A interpretação do que é uma receita operacional ou normal e do que seria qualificado como outra receita ou receita não operacional, pode mudar drasticamente a carga tributária de uma operação. O enquadramento de uma receita como normal ou operacional tem impactos relevantes para efeitos de IRPJ, CSLL, PIS e COFINS, em razão de relação com o novo conceito de receita bruta (art. 12 do Decreto-Lei n. 1.598/77), definido como receita da atividade ou objeto principal da pessoa jurídica.

Embora sob roupagem diferente, essa discussão sobre o que é uma receita operacional, normal, regular da pessoa jurídica é bastante antiga. Ela ganhou maior relevância com a distinção entre os fatos geradores do PIS e da COFINS para os regimes cumulativo e não cumulativo (enquanto naquele regime tributa-se apenas a receita bruta, neste se tributa a receita total), e atingiu seu ápice com o novo conceito de receita bruta do art. 12 do Decreto-Lei n. 1.598/77.

Quando do julgamento da constitucionalidade da ampliação da base de cálculo do PIS e da COFINS (RE 346.084) pela Lei 9.718/98, o Ministro Carlos Velloso e o Ministro Marco Aurélio não se atentarem para a importação dessa delimitação. No diálogo registrado no Acórdão, fica claro que essa preocupação não estava na pauta do Supremo quando do julgamento para distinção entre receita bruta e receita total:

Min. Carlos Velloso: a questão que temos de decidir pode ser assim resumida, a Lei Complementar n. 70/1991, no artigo 2º, conceituo a base de cálculo da COFINS assim: “vendas de mercadorias, de mercadorias e serviços e de serviços de qualquer natureza”.

Min. Marco Aurélio: Operações mercantis.

Min. Carlos Velloso: Pois bem, vem o Supremo Tribunal Federal […] e diz que isso é constitucional, corresponde a faturamento.

 

No voto do Min. Peluso essa ambiguidade é novamente presente. No último parágrafo, ele conclui seu voto afirmando: “quanto ao caput do art. 3º, julgou-o constitucional para lhe dar interpretação conforme à Constituição, nos termos do julgamento proferido no RE n. 150.755/PE, que tomou a locação receita bruta como sinônimo de faturamento, ou seja, no significado de “receita bruta de venda de mercadoria e de prestação de serviços”, adotado pela legislação anterior, e que, a meu juízo, se traduz na soma das receitas oriundas do exercício das atividades empresariais”.
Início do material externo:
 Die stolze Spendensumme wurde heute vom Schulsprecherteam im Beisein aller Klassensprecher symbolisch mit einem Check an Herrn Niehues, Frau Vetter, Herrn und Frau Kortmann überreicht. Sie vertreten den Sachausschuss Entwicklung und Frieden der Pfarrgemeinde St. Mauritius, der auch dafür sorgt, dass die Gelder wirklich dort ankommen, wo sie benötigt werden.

Esse julgamento do Supremo Tribunal Federal não responde às dúvidas sobre a definição de receita bruta, que atualmente tem sido equiparada às noções de receitas operacionais ou normais. Operações mercantis é muito mais amplo que vendas de mercadorias, de mercadorias e serviços e de serviços de qualquer natureza, diferente do que faz parecer o debate entre os Ministros Marco Aurélio e Carlos Velloso. Aliás, operações mercantis incluiria até mesmo o tradicional conceito de receitas não operacionais como resultado da venda de bens do ativo não circulante. Por outro lado, receitas oriundas do exercício das atividades empresariais parece estar mais próximo da noção contábil de receitas normais. O mesmo nos parece em relação ao novo conceito de receita bruta, como resultante da atividade ou objeto principal da pessoa jurídica. A divergência fica por conta da interpretação do que seria considerado como principal: basta a previsão no objeto social? Há necessidade de se verificar a proporção daquela receita em relação ao faturamento ou a receita total? E se a receita for acessória do principal, como os juros cobrados pelos vendedores para o financiamento da aquisição de bens móveis e imóveis?
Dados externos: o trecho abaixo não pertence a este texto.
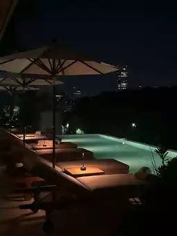 The pool is suspended on the building’s top floor, with glass railings framing the greenery of Yoyogi Park as the backdrop. The water reflects the blue sky and white clouds. Just leaning by the pool for a side shot, the shadows of palm trees and lounge chairs instantly create a tropical vacation atmosphere. The best part is the temperature control design—soaking in the water in December doesn’t feel cold. In the evening, you can watch the sunset while sipping a special cocktail. The tipsy feeling combined with the city skyline is simply the most luxurious relaxation moment for urbanites~

Na discussão sobre a incidência de PIS e COFINS sobre os juros e a correção monetária, o Superior Tribunal de Justiça concluiu que essas receitas deveriam ser consideradas como receita bruta (Recurso Especial 1.432.952). O Conselho Administrativo de Recursos Fiscais, por sua vez, entendeu que a venda de bens e o financiamento eram duas operações distintas e que os acréscimos financeiros não integrariam o preço da transação (para efeitos de aplicação do percentual de presunção do lucro presumido – Acórdão 105-16.235). A heterogeneidade na aplicação desses conceitos pode levar o contribuinte a ter uma receita financeira para fins contábeis, uma receita operacional para efeitos de PIS e COFINS e uma receita não operacional (porque não enquadrada no conceito de receita bruta) para efeitos de IRPJ e CSLL. A contabilização, neste cenário, pode ser mais um elemento para sustentar um argumento ou outro, conforme o caso. O que se espera, contudo, é que a contabilização não seja manipulada para obter-se efeitos fiscais mais benéficos. Vamos ver o que teremos pela frente.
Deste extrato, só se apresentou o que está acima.